The way to quantify how "unusual"/"extreme" an event was is to look at how many standard deviations `$\sigma$` away from the mean `$\mu$` the quantity `$x$` is. 
* This is called the `$Z$` score:
$$ Z := \frac{ x - \mu}{\sigma}. $$

E.g. which is more extreme:

1. value of 27 under `$N(\mu=19, \sigma=4)$`, or 
2. value of 3 under `$N(\mu=0, \sigma=1)$`?
  
- Z-score of `$\frac{27-19}{4} = 2$` vs Z-score of `$\frac{3-0}{1} = 3$`.
- The second value is more extreme.
]
---

.pull-left[
#### Z-score examples
SAT scores are approximately normal distribution with mean 1500 and standard deviation 300; ACT scores are approximately normal with mean 21 and standard deviation 5.

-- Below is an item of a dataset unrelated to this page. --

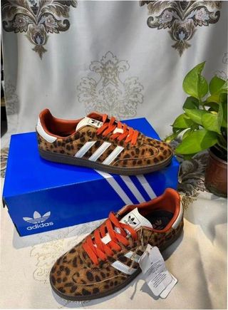 Zapatillas Adidas Samba OG con un llamativo estampado de leopardo. - Diseño clásico con las tres rayas blancas. - Cordones naranjas vibrantes. - Detalle de cuero blanco en el talón.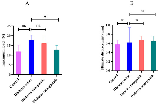 Maximum load and ultimate displacement determined by the load displacement curve. All data are presented as means ± SD. *: Compared to saline-treated diabetic mice, p < 0.05; ns, non-significant. (A) maximum load; (B) ultimate displacement.

* If Ant scored 1800 on the SAT and Bug scored 24 on the ACT, who performed better?
  - Z-score for Ant: (1800 - 1500) / 300 = 1
  - Z-score for Bug: (24 - 21) / 5 = 0.6
  - Ant performed better
* What score corresponds to a z-score of 2.5 in each of the SAT and ACT?
  - SAT: 1500 + 2.5 * 300 = 1950
  - ACT: 21 + 2.5 * 5 = 33.5
]

.pull-right[
#### Normal probability calculations
Suppose that Cat scored 1800 on SAT.  What is the **percentile** of this score?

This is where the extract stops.